Colin's Blog

Wednesday, July 17, 2013

ProofMeister

ProofMeister, my first web app, is up. Its main use case is philosophy and computer science students cheating on their homework, but well, it was still fun to make. I made it with python and django, but I'm thinking I might switch over to the Ruby world for the next project. Seems to be a more widely-used set of tools.

Also, since my last post, Google has integrated my ideas into GMail, so it's nice to know they're reading my blog.

Monday, February 27, 2012

Email

The problem with email is it's just too general of a means of sending information to human beings. Spam filters are great, but I get a lot more kinds of email than just spam and non-spam. I get emails from my family, emails from automated systems at school, emails from daily deal sites, emails from my bank, and emails from my employer. Also, sometimes, I get spam from my family. Am I the only one who hates the fact that all these things go into the same place? I know roughly what time of day Groupon emails go out, and when I feel my phone vibrate at that time I tend to ignore it. The fact that I've subconsciously developed a mental filter on my phone notifications means that somebody's doin' it wrong.

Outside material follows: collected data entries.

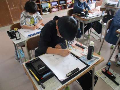 筆を使って、のびのびと字をかいています。 楽しそうです・・・
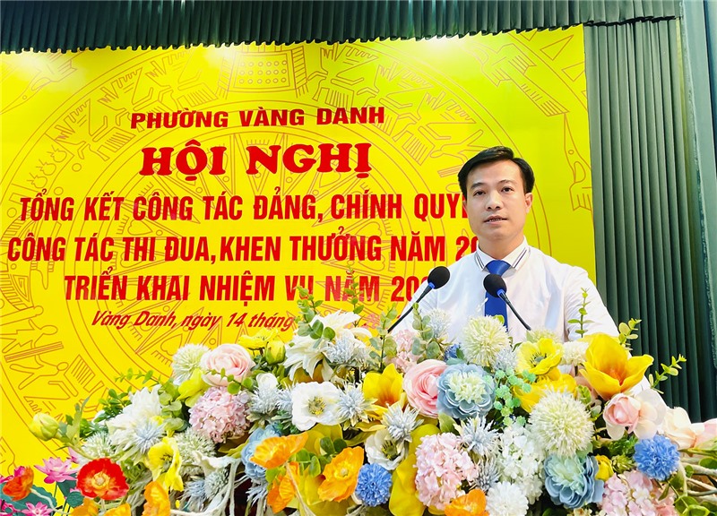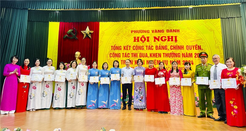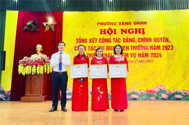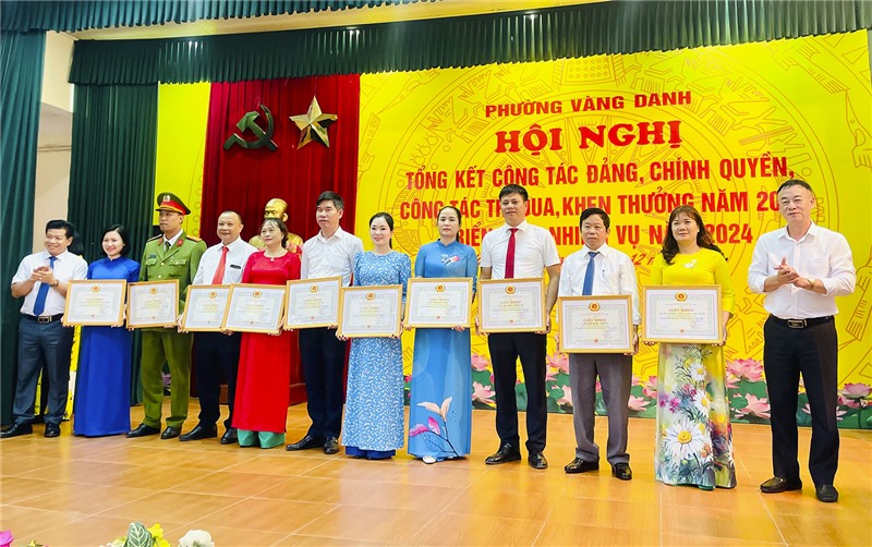 Tại hội nghị, UBND phường Vàng Danh đã phát động phong trào và tổ chức ký giao ước thi đua năm 2024. Nhân dịp này, Đảng ủy và UBND phường đã khen thưởng cho các tập thể, cá nhân, gia đình văn hoá tiêu biểu có thành tích xuất sắc trong công tác Đảng, Chính quyền, thi đua khen thưởng năm 2023.
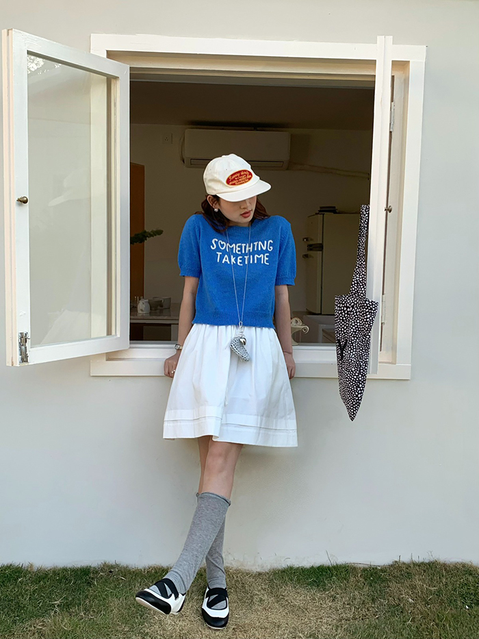 SIZEFree 55~66 : 가슴 88~ / 총길이 48 cmFABRIC폴리신축성보통 / 비침보통 / 두께감얇음초반 드라이클리닝 권장

I'm not trying to pick on Groupon; it's a great service, but the signal-to-noise ratio seems to be getting pretty bad. Bad enough that I'm really pretty torn about whether to unsubscribe, or attempt to train my spam filter to distinguish useful and useless Groupon deals. (Speaking of useless Groupon offers: I'm pretty sure Groupon knows my gender, so why do I get SOOOO MANY day spa, tanning, massage, and pedicure type offers?)

GMail's priority inbox is a step in the right direction, but why not just apply the pattern recognition it uses to an arbitrary number of "mailboxes" instead of having to set up highly specific rules or filters. Don't tell me the same system that recognizes spam can't also differentiate all the "daily deal" emails everyone gets and spin them off to a daily deals folder automatically. Also, don't tell me to set up mail filters or rules. It can and should be easier than that. It should be zero set-up, just like spam filtering. I shouldn't have to decide what I want the categories to be, either. They should just appear, based on what kind of stuff I'm getting. Emails are highly archetypal.

And imagine if some smartphone OS producer (that also happens to be an email service provider with a nifty little superset of IMAP) used this classification system to automagically modify the notification behavior of their smartphone email clients based on how a particular message gets classified. I want my phone to vibrate when my mom emails me. I don't want it to vibrate when Groupon emails me. Heck, I don't even want Groupon mail to show up in the little red number in the Mail.app icon. But I don't want to flag Groupon as spam either. Cuz Groupon isn't spam. It's useful. Just not THAT useful.

On the other hand, maybe it's not such a bad thing that all this email goes to the same place. Imagine Siri a couple years from now, where she reads my emails and tells me when I've got a bill to pay. Or that Groupon has a sweet deal that doesn't involve some kind of massage or spa treatment. If we want to live in a world where we have humble personal assistants, it's certainly going to be useful for them to "know" things about us. I suspect that data-mining the fire hose of information that comes into my email account is going to be a lot better way for Siri to learn about me than trying to standardize some kind of API for app developers to talk to Siri. Not that an API is an inherently bad idea, it's just a bad idea to let the app developers have too much say in what it means for Siri to be "personal." They already get to do that with my email box, and Groupon is a perfect example of why that's a problem.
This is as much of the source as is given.